Problem to work on: Everything from the first line of the data below through the line that contains "We had dinner" should be written out exactly, please, and nothing more; the pictures stay out.

▬▬▬▬▬▬

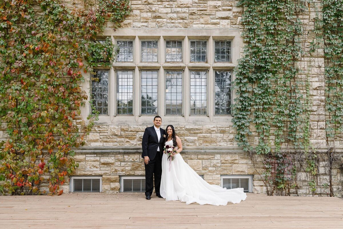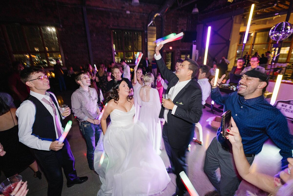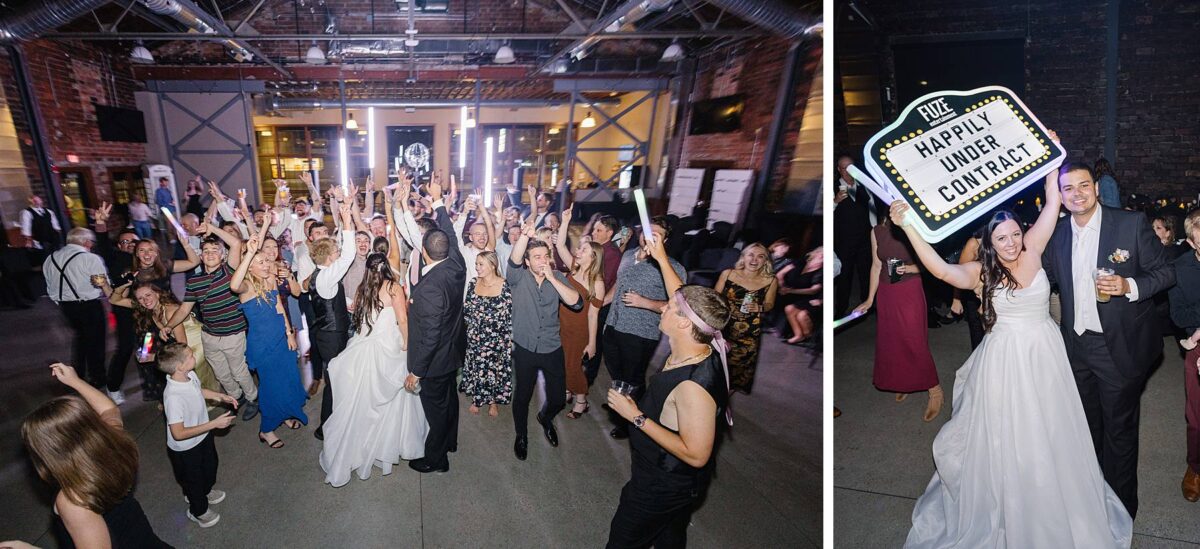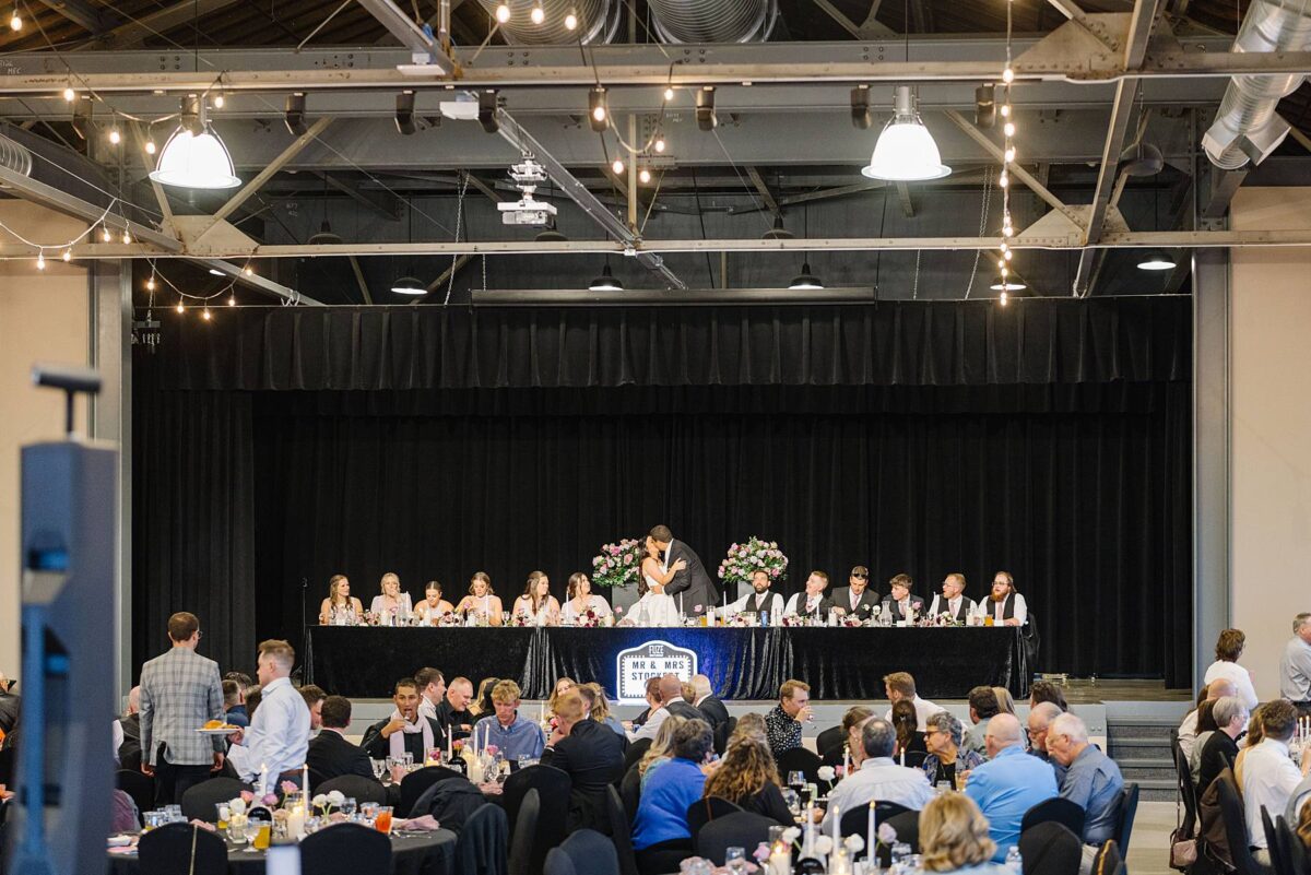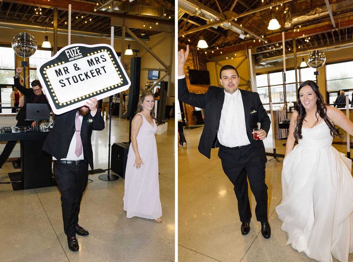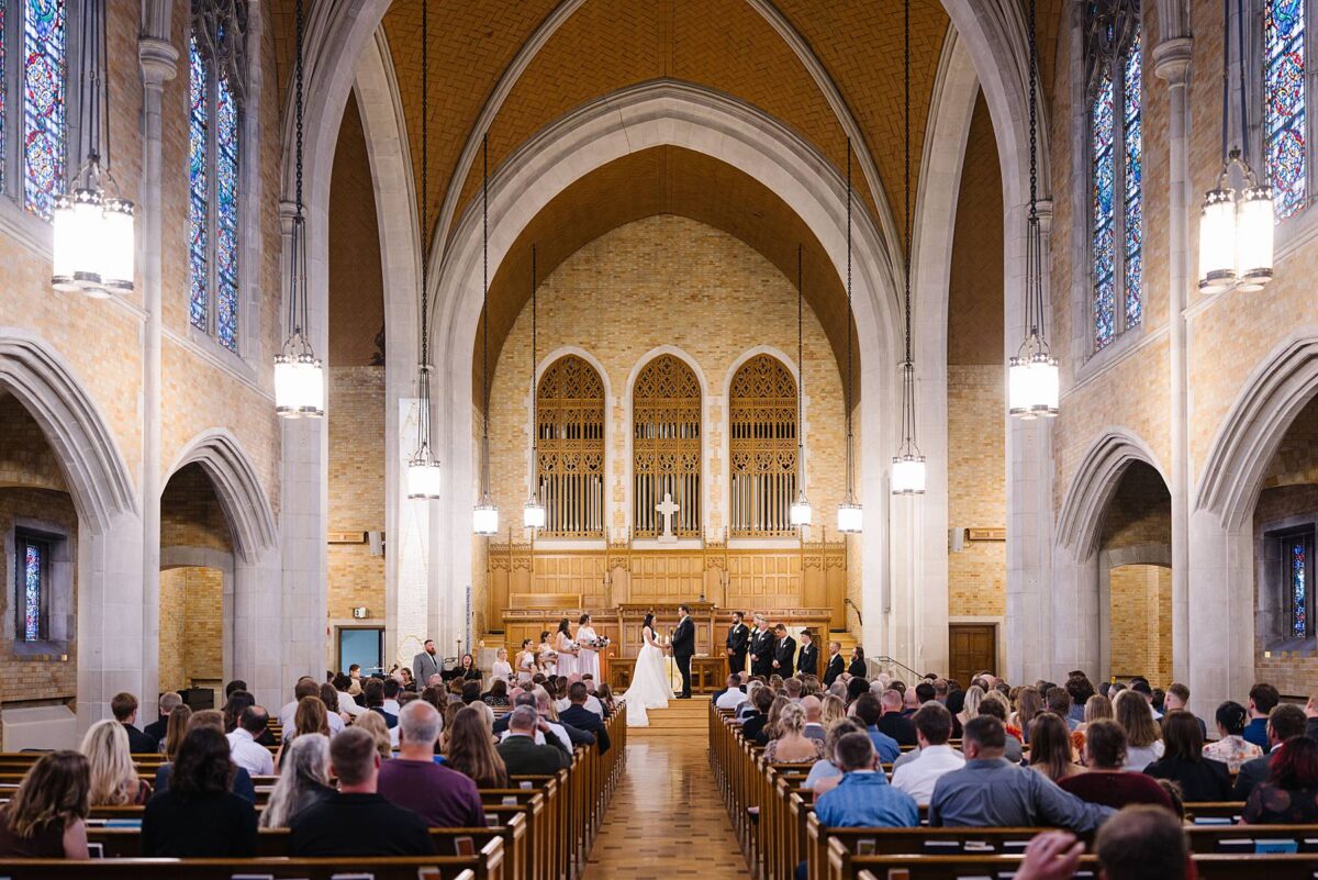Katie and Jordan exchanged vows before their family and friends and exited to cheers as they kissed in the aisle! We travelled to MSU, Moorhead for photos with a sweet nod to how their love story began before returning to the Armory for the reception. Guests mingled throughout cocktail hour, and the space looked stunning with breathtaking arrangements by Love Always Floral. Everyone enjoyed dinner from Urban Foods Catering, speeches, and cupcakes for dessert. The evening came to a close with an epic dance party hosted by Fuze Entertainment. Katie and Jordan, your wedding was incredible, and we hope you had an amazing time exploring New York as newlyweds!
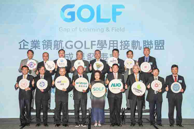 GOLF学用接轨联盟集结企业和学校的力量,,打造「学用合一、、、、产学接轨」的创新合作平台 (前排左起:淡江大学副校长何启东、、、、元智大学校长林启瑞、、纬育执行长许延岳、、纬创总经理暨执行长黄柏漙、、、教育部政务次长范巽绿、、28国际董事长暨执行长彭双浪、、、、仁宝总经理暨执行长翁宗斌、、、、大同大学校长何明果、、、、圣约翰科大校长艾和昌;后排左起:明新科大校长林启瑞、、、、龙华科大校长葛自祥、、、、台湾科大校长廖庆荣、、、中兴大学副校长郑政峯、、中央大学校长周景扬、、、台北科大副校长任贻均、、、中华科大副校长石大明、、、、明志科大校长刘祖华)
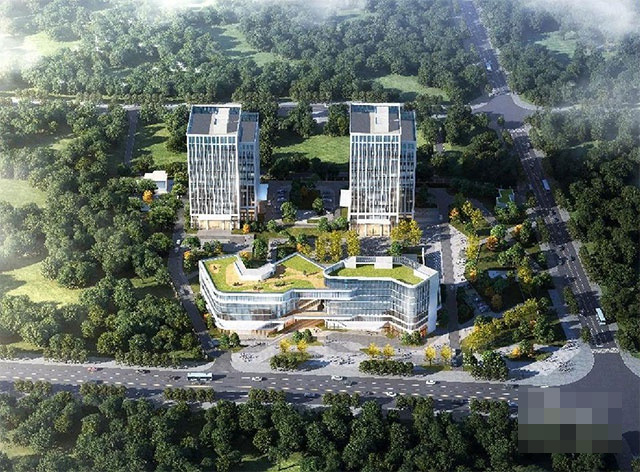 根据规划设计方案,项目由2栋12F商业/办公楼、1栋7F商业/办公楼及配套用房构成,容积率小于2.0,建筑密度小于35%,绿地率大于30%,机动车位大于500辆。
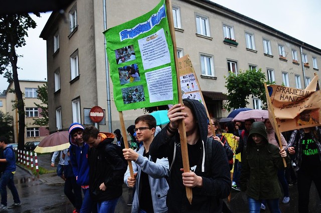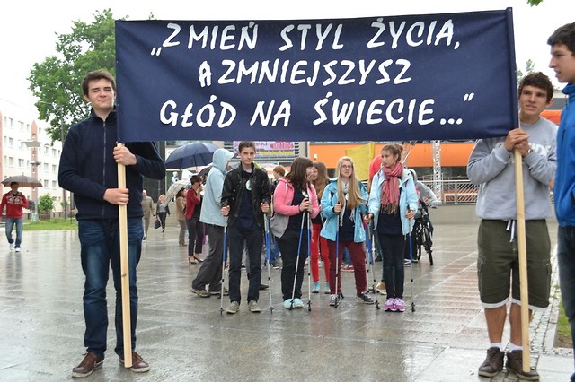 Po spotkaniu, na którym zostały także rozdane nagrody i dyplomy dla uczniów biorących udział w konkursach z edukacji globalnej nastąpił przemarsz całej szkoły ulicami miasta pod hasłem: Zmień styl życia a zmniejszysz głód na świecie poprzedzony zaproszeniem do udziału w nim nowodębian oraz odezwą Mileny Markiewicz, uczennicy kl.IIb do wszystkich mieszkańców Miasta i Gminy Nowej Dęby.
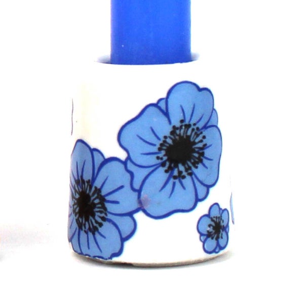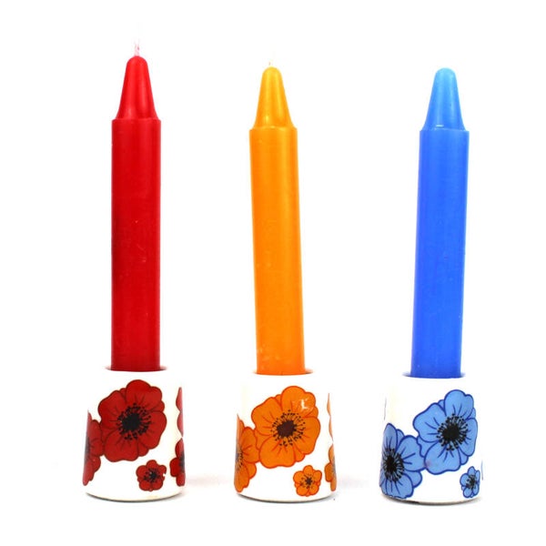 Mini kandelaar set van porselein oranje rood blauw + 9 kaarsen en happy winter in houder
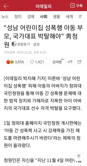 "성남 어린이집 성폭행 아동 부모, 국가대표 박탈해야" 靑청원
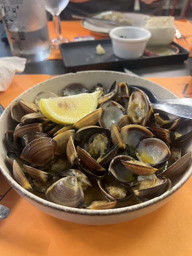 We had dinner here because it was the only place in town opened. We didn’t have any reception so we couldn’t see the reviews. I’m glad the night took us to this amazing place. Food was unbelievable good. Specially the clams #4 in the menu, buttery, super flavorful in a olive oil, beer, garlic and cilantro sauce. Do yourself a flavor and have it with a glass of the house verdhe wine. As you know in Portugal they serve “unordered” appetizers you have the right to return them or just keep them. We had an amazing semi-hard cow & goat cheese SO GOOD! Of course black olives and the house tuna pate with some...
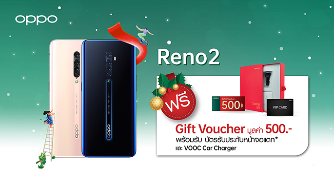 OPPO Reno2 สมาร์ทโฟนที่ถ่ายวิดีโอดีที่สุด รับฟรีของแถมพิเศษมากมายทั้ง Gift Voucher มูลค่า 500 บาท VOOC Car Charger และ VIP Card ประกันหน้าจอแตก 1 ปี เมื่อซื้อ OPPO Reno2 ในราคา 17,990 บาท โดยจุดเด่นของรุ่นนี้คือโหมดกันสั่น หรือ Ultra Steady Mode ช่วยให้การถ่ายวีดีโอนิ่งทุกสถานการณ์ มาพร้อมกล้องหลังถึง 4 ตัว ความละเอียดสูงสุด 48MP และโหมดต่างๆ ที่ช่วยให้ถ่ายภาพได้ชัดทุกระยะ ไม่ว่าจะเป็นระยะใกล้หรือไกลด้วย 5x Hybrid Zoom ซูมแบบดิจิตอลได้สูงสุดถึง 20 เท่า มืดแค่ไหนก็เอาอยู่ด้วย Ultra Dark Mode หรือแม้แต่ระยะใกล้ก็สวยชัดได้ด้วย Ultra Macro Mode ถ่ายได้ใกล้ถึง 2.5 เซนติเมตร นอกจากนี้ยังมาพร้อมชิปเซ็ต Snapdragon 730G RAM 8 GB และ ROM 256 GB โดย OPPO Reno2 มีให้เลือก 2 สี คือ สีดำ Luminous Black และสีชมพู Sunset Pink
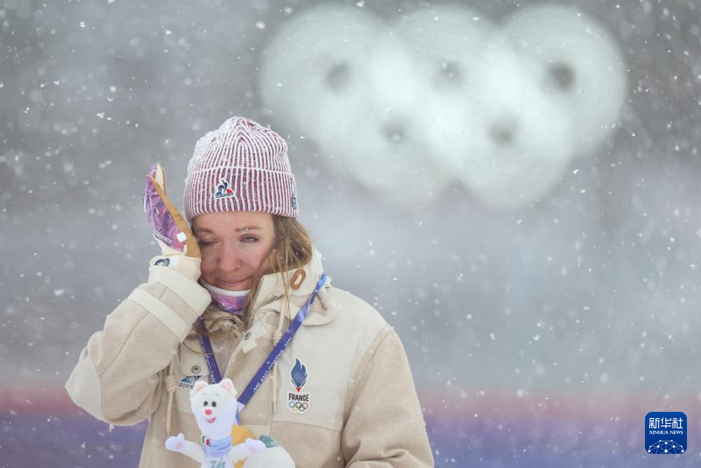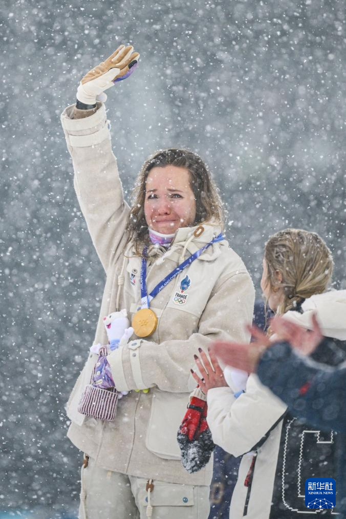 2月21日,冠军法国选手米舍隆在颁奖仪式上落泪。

▬▬▬▬▬▬

Response to this exercise:
Katie and Jordan exchanged vows before their family and friends and exited to cheers as they kissed in the aisle! We travelled to MSU, Moorhead for photos with a sweet nod to how their love story began before returning to the Armory for the reception. Guests mingled throughout cocktail hour, and the space looked stunning with breathtaking arrangements by Love Always Floral. Everyone enjoyed dinner from Urban Foods Catering, speeches, and cupcakes for dessert. The evening came to a close with an epic dance party hosted by Fuze Entertainment. Katie and Jordan, your wedding was incredible, and we hope you had an amazing time exploring New York as newlyweds!
 GOLF学用接轨联盟集结企业和学校的力量,,打造「学用合一、、、、产学接轨」的创新合作平台 (前排左起:淡江大学副校长何启东、、、、元智大学校长林启瑞、、纬育执行长许延岳、、纬创总经理暨执行长黄柏漙、、、教育部政务次长范巽绿、、28国际董事长暨执行长彭双浪、、、、仁宝总经理暨执行长翁宗斌、、、、大同大学校长何明果、、、、圣约翰科大校长艾和昌;后排左起:明新科大校长林启瑞、、、、龙华科大校长葛自祥、、、、台湾科大校长廖庆荣、、、中兴大学副校长郑政峯、、中央大学校长周景扬、、、台北科大副校长任贻均、、、中华科大副校长石大明、、、、明志科大校长刘祖华)
 根据规划设计方案,项目由2栋12F商业/办公楼、1栋7F商业/办公楼及配套用房构成,容积率小于2.0,建筑密度小于35%,绿地率大于30%,机动车位大于500辆。
 Po spotkaniu, na którym zostały także rozdane nagrody i dyplomy dla uczniów biorących udział w konkursach z edukacji globalnej nastąpił przemarsz całej szkoły ulicami miasta pod hasłem: Zmień styl życia a zmniejszysz głód na świecie poprzedzony zaproszeniem do udziału w nim nowodębian oraz odezwą Mileny Markiewicz, uczennicy kl.IIb do wszystkich mieszkańców Miasta i Gminy Nowej Dęby.
 Mini kandelaar set van porselein oranje rood blauw + 9 kaarsen en happy winter in houder
 "성남 어린이집 성폭행 아동 부모, 국가대표 박탈해야" 靑청원
 We had dinner here because it was the only place in town opened. We didn’t have any reception so we couldn’t see the reviews. I’m glad the night took us to this amazing place. Food was unbelievable good. Specially the clams #4 in the menu, buttery, super flavorful in a olive oil, beer, garlic and cilantro sauce. Do yourself a flavor and have it with a glass of the house verdhe wine. As you know in Portugal they serve “unordered” appetizers you have the right to return them or just keep them. We had an amazing semi-hard cow & goat cheese SO GOOD! Of course black olives and the house tuna pate with some...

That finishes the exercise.